=== ENTRIES SUPPLIED ===
-- Opening Marker --
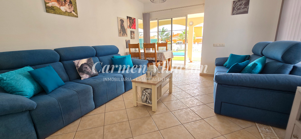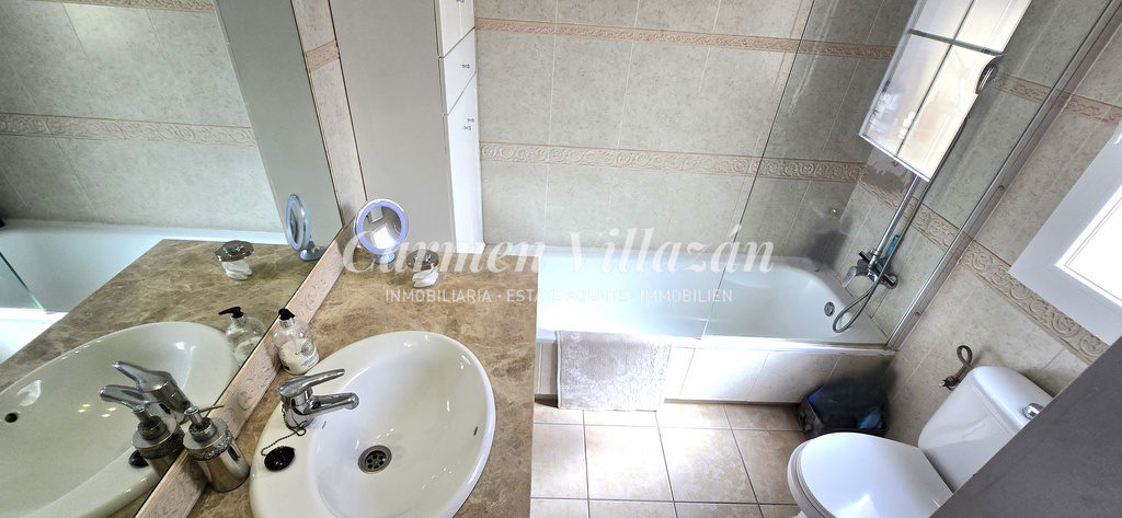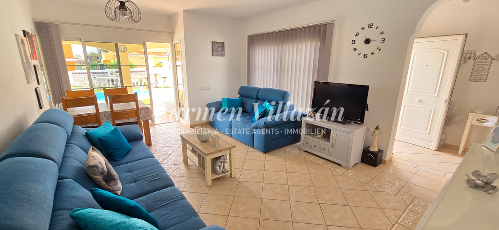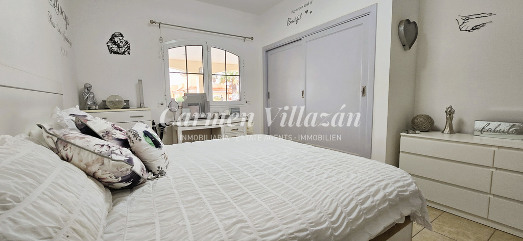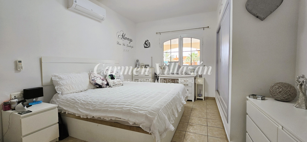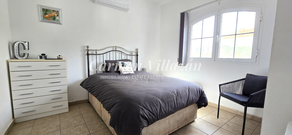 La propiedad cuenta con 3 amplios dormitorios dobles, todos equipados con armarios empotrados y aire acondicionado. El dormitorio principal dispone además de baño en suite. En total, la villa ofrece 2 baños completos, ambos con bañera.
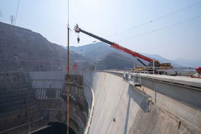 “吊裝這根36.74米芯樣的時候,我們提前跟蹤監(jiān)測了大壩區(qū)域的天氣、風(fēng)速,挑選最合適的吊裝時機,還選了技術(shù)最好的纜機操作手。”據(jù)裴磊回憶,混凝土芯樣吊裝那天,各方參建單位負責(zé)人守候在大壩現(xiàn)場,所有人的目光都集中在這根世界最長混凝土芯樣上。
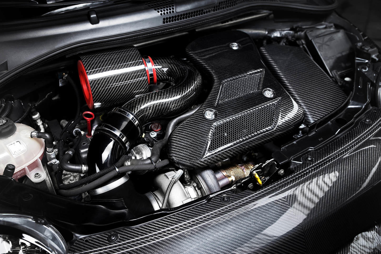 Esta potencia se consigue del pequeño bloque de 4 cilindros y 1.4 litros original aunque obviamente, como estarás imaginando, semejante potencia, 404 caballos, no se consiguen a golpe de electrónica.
-- Closing Marker --
-- Opening Marker --
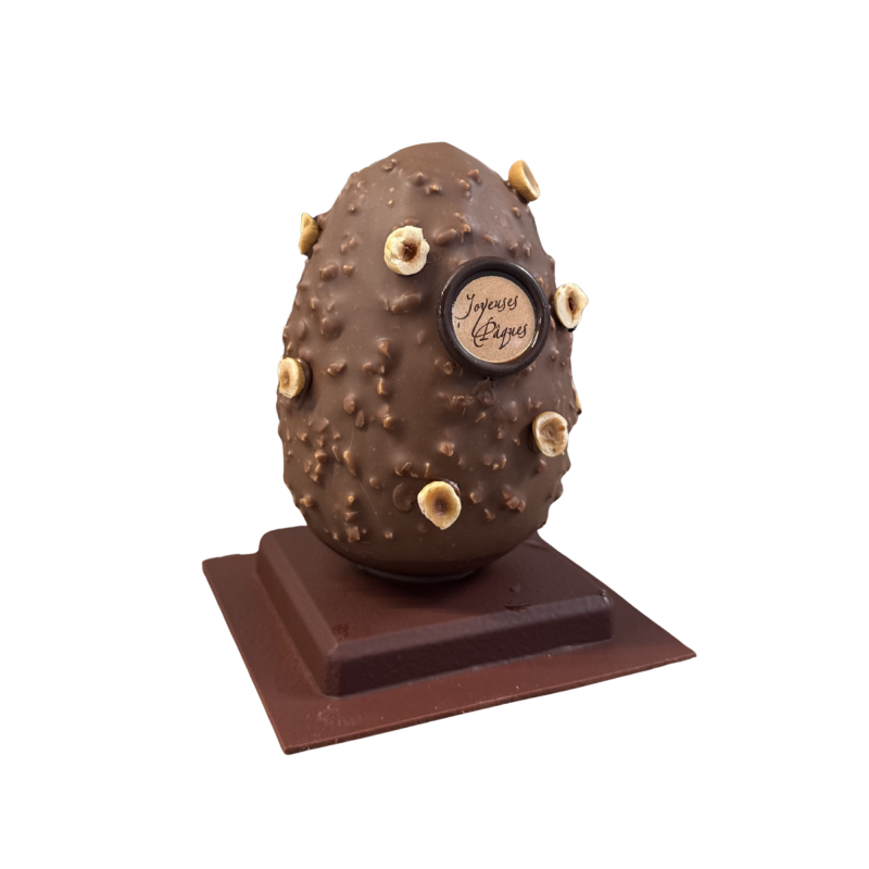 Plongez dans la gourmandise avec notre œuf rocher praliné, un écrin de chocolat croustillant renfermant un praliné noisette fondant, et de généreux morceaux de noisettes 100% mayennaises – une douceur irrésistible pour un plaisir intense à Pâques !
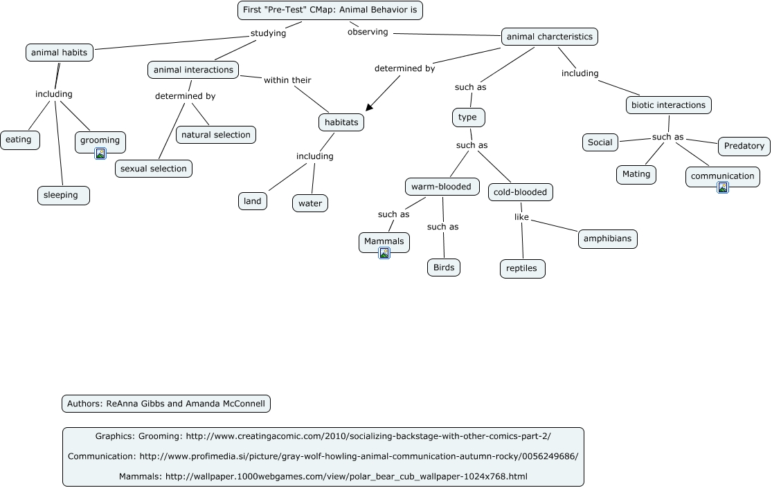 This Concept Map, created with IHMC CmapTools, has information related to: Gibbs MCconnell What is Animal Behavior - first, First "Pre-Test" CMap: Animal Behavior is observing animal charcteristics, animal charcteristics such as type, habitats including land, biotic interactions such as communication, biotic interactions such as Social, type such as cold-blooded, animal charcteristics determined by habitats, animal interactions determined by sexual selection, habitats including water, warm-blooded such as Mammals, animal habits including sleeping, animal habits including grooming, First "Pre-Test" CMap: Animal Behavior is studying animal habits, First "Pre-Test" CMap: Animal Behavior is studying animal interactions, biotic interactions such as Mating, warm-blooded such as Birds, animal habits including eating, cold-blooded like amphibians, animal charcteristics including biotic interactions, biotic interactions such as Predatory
-- Closing Marker --
=== ACTION ITEM ===
I'd like the lines above repeated exactly, from the one that contains "La propiedad cuenta" through the one that contains "Esta potencia se", with no pictures.

=== SOLUTION ===
 La propiedad cuenta con 3 amplios dormitorios dobles, todos equipados con armarios empotrados y aire acondicionado. El dormitorio principal dispone además de baño en suite. En total, la villa ofrece 2 baños completos, ambos con bañera.
 “吊裝這根36.74米芯樣的時候,我們提前跟蹤監(jiān)測了大壩區(qū)域的天氣、風(fēng)速,挑選最合適的吊裝時機,還選了技術(shù)最好的纜機操作手。”據(jù)裴磊回憶,混凝土芯樣吊裝那天,各方參建單位負責(zé)人守候在大壩現(xiàn)場,所有人的目光都集中在這根世界最長混凝土芯樣上。
 Esta potencia se consigue del pequeño bloque de 4 cilindros y 1.4 litros original aunque obviamente, como estarás imaginando, semejante potencia, 404 caballos, no se consiguen a golpe de electrónica.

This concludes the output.